Exercise input:
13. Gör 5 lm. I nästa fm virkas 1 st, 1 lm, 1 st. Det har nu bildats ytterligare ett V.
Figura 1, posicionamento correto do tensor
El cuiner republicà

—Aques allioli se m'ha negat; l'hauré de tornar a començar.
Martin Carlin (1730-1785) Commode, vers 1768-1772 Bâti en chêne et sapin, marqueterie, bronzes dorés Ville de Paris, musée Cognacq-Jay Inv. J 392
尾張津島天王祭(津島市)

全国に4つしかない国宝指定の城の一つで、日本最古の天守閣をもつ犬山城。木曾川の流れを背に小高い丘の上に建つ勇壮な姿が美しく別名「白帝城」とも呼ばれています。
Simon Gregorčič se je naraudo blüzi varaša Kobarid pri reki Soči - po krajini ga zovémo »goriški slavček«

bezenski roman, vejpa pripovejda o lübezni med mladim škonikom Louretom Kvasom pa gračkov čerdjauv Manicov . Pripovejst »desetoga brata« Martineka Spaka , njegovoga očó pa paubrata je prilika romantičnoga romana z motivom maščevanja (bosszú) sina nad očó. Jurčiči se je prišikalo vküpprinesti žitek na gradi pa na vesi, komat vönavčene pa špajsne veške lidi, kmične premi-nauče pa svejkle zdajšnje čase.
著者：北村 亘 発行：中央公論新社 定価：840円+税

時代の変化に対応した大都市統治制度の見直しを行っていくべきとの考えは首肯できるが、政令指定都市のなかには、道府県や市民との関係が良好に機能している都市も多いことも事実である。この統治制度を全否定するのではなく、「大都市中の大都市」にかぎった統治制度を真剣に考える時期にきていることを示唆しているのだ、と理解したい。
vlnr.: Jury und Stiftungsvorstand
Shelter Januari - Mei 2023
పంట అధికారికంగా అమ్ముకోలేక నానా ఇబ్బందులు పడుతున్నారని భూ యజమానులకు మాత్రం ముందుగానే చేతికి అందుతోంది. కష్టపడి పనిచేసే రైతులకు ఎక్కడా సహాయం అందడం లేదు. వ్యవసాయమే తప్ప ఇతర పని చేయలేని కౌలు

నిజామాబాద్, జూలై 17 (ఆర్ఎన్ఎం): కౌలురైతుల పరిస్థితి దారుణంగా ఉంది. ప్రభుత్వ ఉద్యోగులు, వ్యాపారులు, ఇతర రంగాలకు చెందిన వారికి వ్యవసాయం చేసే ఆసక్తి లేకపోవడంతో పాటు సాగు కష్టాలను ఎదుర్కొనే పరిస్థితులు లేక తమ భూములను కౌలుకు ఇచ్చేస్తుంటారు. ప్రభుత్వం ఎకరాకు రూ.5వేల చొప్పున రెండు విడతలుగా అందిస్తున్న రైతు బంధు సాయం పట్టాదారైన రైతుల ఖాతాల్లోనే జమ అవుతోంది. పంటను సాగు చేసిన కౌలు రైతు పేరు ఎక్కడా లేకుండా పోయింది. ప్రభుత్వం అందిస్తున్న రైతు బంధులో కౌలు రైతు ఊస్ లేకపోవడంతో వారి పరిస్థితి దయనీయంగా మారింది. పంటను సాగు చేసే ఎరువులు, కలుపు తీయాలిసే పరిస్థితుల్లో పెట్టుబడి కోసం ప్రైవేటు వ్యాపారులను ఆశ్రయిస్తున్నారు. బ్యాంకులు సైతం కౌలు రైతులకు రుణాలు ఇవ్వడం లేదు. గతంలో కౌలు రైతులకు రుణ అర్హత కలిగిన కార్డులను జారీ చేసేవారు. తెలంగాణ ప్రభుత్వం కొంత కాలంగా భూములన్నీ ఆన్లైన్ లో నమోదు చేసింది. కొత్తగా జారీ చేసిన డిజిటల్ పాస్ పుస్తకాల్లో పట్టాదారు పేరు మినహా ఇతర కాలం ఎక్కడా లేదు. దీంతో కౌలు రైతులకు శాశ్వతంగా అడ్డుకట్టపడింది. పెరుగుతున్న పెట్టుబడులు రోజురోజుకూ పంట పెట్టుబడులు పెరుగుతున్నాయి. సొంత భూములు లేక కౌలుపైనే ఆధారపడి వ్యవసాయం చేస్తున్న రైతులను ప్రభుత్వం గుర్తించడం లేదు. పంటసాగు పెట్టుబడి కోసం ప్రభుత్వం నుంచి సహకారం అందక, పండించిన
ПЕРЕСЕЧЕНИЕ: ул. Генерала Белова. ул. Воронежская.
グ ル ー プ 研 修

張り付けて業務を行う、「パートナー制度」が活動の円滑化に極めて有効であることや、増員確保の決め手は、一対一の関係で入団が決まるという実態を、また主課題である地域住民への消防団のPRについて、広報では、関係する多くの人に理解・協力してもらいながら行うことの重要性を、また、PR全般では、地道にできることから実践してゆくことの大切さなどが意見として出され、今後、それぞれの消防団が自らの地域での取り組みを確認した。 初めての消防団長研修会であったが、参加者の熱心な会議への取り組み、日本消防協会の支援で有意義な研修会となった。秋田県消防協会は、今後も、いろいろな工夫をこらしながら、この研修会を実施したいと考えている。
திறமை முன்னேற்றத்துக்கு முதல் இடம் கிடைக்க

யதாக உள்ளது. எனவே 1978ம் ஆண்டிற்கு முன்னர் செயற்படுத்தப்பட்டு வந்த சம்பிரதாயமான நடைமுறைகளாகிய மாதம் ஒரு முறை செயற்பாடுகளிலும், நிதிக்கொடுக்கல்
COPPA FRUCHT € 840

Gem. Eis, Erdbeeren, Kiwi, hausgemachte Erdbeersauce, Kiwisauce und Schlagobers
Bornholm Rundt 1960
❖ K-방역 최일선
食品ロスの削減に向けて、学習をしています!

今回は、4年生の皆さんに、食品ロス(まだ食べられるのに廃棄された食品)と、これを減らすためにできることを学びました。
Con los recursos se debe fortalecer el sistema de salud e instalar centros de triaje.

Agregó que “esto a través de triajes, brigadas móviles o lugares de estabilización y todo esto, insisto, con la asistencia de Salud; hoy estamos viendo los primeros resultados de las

Task statement: The whole listing is to be transcribed exactly.

Answer box:
13. Gör 5 lm. I nästa fm virkas 1 st, 1 lm, 1 st. Det har nu bildats ytterligare ett V.
Figura 1, posicionamento correto do tensor
El cuiner republicà

—Aques allioli se m'ha negat; l'hauré de tornar a començar.
Martin Carlin (1730-1785) Commode, vers 1768-1772 Bâti en chêne et sapin, marqueterie, bronzes dorés Ville de Paris, musée Cognacq-Jay Inv. J 392
尾張津島天王祭(津島市)

全国に4つしかない国宝指定の城の一つで、日本最古の天守閣をもつ犬山城。木曾川の流れを背に小高い丘の上に建つ勇壮な姿が美しく別名「白帝城」とも呼ばれています。
Simon Gregorčič se je naraudo blüzi varaša Kobarid pri reki Soči - po krajini ga zovémo »goriški slavček«

bezenski roman, vejpa pripovejda o lübezni med mladim škonikom Louretom Kvasom pa gračkov čerdjauv Manicov . Pripovejst »desetoga brata« Martineka Spaka , njegovoga očó pa paubrata je prilika romantičnoga romana z motivom maščevanja (bosszú) sina nad očó. Jurčiči se je prišikalo vküpprinesti žitek na gradi pa na vesi, komat vönavčene pa špajsne veške lidi, kmične premi-nauče pa svejkle zdajšnje čase.
著者：北村 亘 発行：中央公論新社 定価：840円+税

時代の変化に対応した大都市統治制度の見直しを行っていくべきとの考えは首肯できるが、政令指定都市のなかには、道府県や市民との関係が良好に機能している都市も多いことも事実である。この統治制度を全否定するのではなく、「大都市中の大都市」にかぎった統治制度を真剣に考える時期にきていることを示唆しているのだ、と理解したい。
vlnr.: Jury und Stiftungsvorstand
Shelter Januari - Mei 2023
పంట అధికారికంగా అమ్ముకోలేక నానా ఇబ్బందులు పడుతున్నారని భూ యజమానులకు మాత్రం ముందుగానే చేతికి అందుతోంది. కష్టపడి పనిచేసే రైతులకు ఎక్కడా సహాయం అందడం లేదు. వ్యవసాయమే తప్ప ఇతర పని చేయలేని కౌలు

నిజామాబాద్, జూలై 17 (ఆర్ఎన్ఎం): కౌలురైతుల పరిస్థితి దారుణంగా ఉంది. ప్రభుత్వ ఉద్యోగులు, వ్యాపారులు, ఇతర రంగాలకు చెందిన వారికి వ్యవసాయం చేసే ఆసక్తి లేకపోవడంతో పాటు సాగు కష్టాలను ఎదుర్కొనే పరిస్థితులు లేక తమ భూములను కౌలుకు ఇచ్చేస్తుంటారు. ప్రభుత్వం ఎకరాకు రూ.5వేల చొప్పున రెండు విడతలుగా అందిస్తున్న రైతు బంధు సాయం పట్టాదారైన రైతుల ఖాతాల్లోనే జమ అవుతోంది. పంటను సాగు చేసిన కౌలు రైతు పేరు ఎక్కడా లేకుండా పోయింది. ప్రభుత్వం అందిస్తున్న రైతు బంధులో కౌలు రైతు ఊస్ లేకపోవడంతో వారి పరిస్థితి దయనీయంగా మారింది. పంటను సాగు చేసే ఎరువులు, కలుపు తీయాలిసే పరిస్థితుల్లో పెట్టుబడి కోసం ప్రైవేటు వ్యాపారులను ఆశ్రయిస్తున్నారు. బ్యాంకులు సైతం కౌలు రైతులకు రుణాలు ఇవ్వడం లేదు. గతంలో కౌలు రైతులకు రుణ అర్హత కలిగిన కార్డులను జారీ చేసేవారు. తెలంగాణ ప్రభుత్వం కొంత కాలంగా భూములన్నీ ఆన్లైన్ లో నమోదు చేసింది. కొత్తగా జారీ చేసిన డిజిటల్ పాస్ పుస్తకాల్లో పట్టాదారు పేరు మినహా ఇతర కాలం ఎక్కడా లేదు. దీంతో కౌలు రైతులకు శాశ్వతంగా అడ్డుకట్టపడింది. పెరుగుతున్న పెట్టుబడులు రోజురోజుకూ పంట పెట్టుబడులు పెరుగుతున్నాయి. సొంత భూములు లేక కౌలుపైనే ఆధారపడి వ్యవసాయం చేస్తున్న రైతులను ప్రభుత్వం గుర్తించడం లేదు. పంటసాగు పెట్టుబడి కోసం ప్రభుత్వం నుంచి సహకారం అందక, పండించిన
ПЕРЕСЕЧЕНИЕ: ул. Генерала Белова. ул. Воронежская.
グ ル ー プ 研 修

張り付けて業務を行う、「パートナー制度」が活動の円滑化に極めて有効であることや、増員確保の決め手は、一対一の関係で入団が決まるという実態を、また主課題である地域住民への消防団のPRについて、広報では、関係する多くの人に理解・協力してもらいながら行うことの重要性を、また、PR全般では、地道にできることから実践してゆくことの大切さなどが意見として出され、今後、それぞれの消防団が自らの地域での取り組みを確認した。 初めての消防団長研修会であったが、参加者の熱心な会議への取り組み、日本消防協会の支援で有意義な研修会となった。秋田県消防協会は、今後も、いろいろな工夫をこらしながら、この研修会を実施したいと考えている。
திறமை முன்னேற்றத்துக்கு முதல் இடம் கிடைக்க

யதாக உள்ளது. எனவே 1978ம் ஆண்டிற்கு முன்னர் செயற்படுத்தப்பட்டு வந்த சம்பிரதாயமான நடைமுறைகளாகிய மாதம் ஒரு முறை செயற்பாடுகளிலும், நிதிக்கொடுக்கல்
COPPA FRUCHT € 840

Gem. Eis, Erdbeeren, Kiwi, hausgemachte Erdbeersauce, Kiwisauce und Schlagobers
Bornholm Rundt 1960
❖ K-방역 최일선
食品ロスの削減に向けて、学習をしています!

今回は、4年生の皆さんに、食品ロス(まだ食べられるのに廃棄された食品)と、これを減らすためにできることを学びました。
Con los recursos se debe fortalecer el sistema de salud e instalar centros de triaje.

Agregó que “esto a través de triajes, brigadas móviles o lugares de estabilización y todo esto, insisto, con la asistencia de Salud; hoy estamos viendo los primeros resultados de las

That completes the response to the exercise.